*SOURCE INFORMATION*
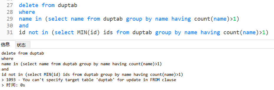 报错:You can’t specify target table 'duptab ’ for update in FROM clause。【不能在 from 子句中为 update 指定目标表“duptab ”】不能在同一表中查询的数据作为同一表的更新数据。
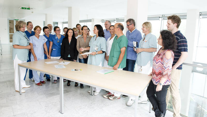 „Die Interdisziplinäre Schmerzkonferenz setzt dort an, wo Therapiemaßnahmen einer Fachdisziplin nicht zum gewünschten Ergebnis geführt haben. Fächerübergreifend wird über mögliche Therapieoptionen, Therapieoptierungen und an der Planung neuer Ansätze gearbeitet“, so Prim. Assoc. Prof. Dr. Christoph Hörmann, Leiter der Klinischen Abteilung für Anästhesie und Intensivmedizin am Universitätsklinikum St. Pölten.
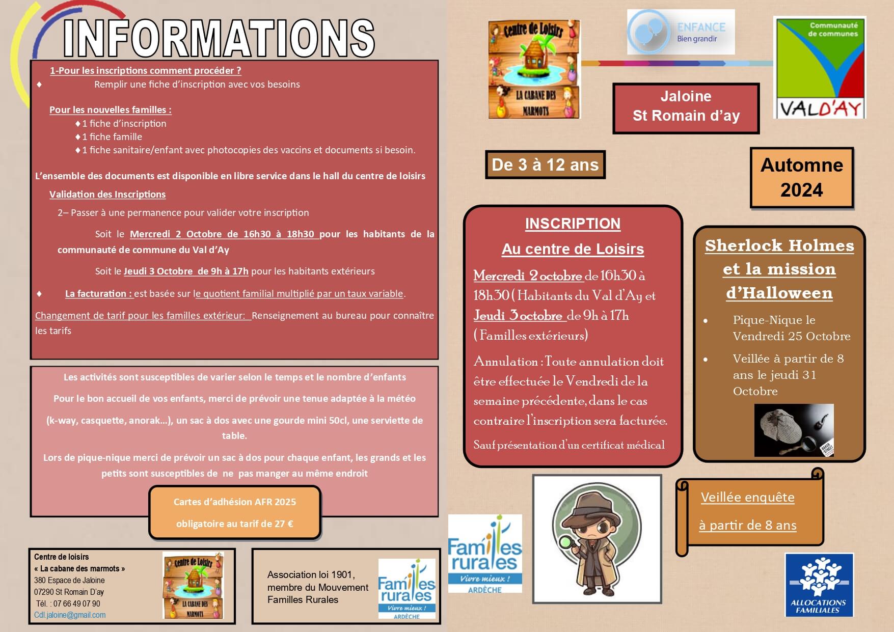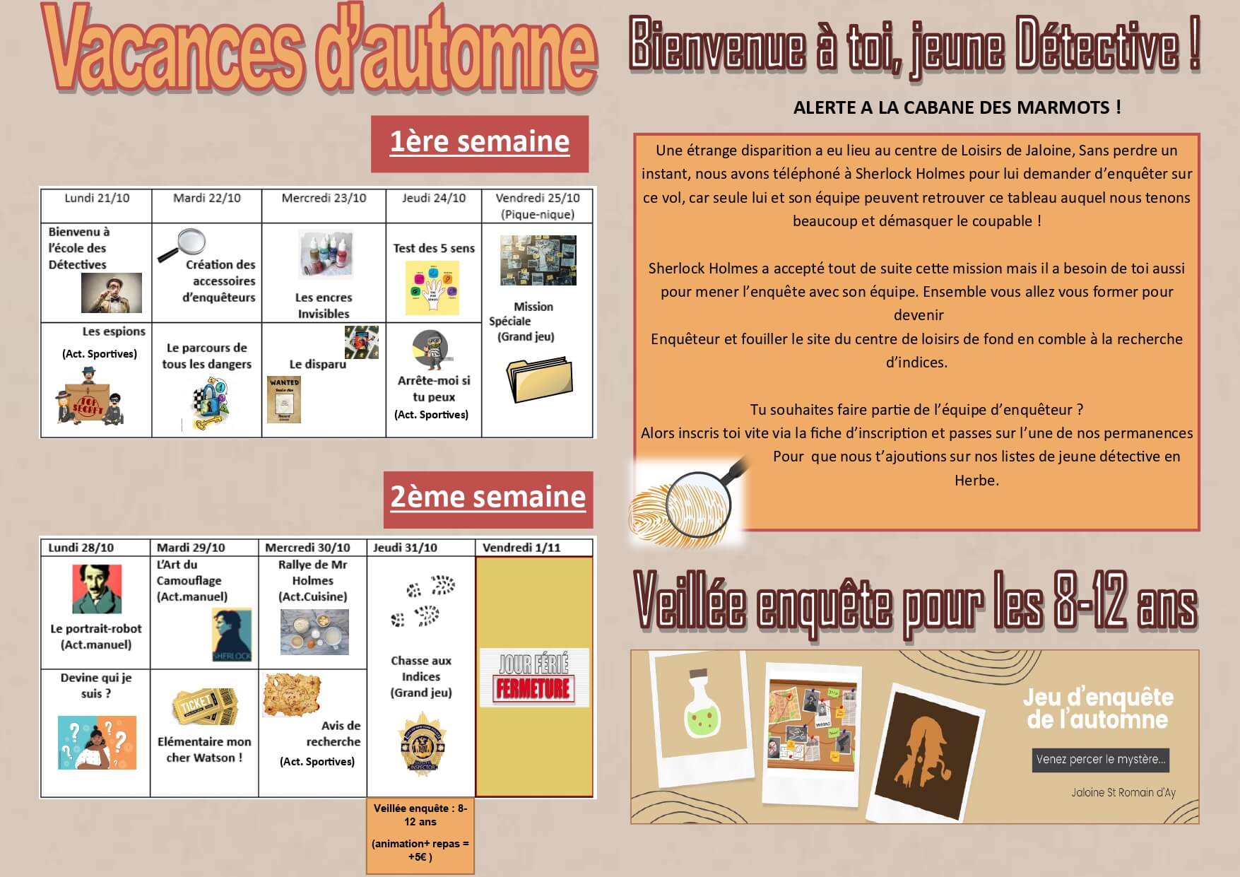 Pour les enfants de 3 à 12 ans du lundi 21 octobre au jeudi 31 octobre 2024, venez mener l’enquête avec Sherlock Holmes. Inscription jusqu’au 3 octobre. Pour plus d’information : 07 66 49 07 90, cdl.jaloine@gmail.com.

...

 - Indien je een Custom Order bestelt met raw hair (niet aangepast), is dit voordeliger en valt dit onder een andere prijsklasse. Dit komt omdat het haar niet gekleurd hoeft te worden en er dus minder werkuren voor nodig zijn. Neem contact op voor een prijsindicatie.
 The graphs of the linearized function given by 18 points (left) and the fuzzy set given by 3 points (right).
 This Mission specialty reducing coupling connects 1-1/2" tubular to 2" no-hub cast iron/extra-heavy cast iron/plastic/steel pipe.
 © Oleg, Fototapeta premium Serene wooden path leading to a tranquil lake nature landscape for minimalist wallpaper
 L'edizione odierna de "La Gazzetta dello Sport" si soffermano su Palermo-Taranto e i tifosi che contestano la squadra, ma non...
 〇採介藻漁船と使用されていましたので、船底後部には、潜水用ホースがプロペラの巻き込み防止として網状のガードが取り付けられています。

--

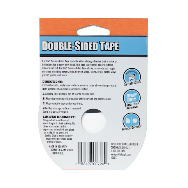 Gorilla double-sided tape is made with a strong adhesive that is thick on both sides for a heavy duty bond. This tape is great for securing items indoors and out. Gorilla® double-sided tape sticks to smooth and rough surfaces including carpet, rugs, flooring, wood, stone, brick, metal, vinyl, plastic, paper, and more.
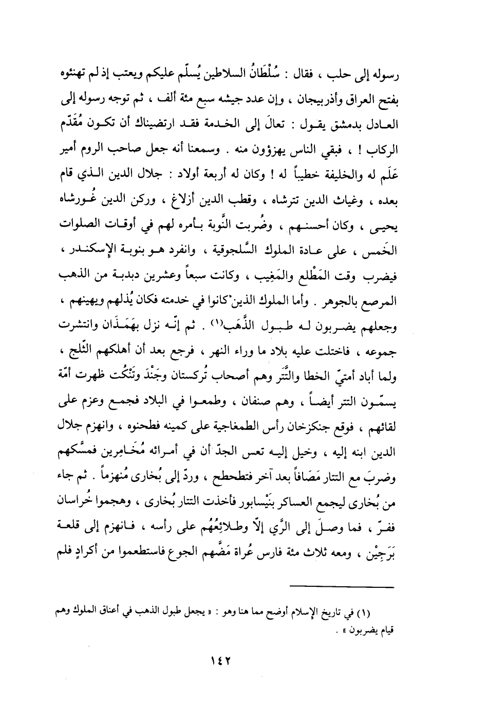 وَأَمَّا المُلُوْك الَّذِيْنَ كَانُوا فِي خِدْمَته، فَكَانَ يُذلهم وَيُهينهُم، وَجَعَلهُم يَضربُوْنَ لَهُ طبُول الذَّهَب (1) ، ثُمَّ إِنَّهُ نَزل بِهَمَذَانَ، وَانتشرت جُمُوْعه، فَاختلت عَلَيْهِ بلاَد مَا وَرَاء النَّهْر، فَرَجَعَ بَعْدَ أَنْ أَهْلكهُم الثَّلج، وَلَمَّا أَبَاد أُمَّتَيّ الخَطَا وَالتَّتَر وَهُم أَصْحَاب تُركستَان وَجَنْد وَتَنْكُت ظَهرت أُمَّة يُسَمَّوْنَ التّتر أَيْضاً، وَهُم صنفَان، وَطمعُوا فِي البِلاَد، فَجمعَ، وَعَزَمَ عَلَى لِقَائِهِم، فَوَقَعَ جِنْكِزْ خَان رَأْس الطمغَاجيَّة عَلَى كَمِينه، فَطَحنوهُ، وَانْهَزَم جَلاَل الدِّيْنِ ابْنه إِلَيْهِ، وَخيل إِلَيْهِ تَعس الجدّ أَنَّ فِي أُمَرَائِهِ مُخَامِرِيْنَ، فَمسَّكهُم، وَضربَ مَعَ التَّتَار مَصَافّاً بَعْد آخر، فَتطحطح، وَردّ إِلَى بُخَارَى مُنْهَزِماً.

*REQUIRED ACTION*
Begin at the line above that has "L'edizione odierna de" and stop after the line that has "〇採介藻漁船と使用されていま", copying each line exactly and adding nothing else.

*RESULT*
 L'edizione odierna de "La Gazzetta dello Sport" si soffermano su Palermo-Taranto e i tifosi che contestano la squadra, ma non...
 〇採介藻漁船と使用されていましたので、船底後部には、潜水用ホースがプロペラの巻き込み防止として網状のガードが取り付けられています。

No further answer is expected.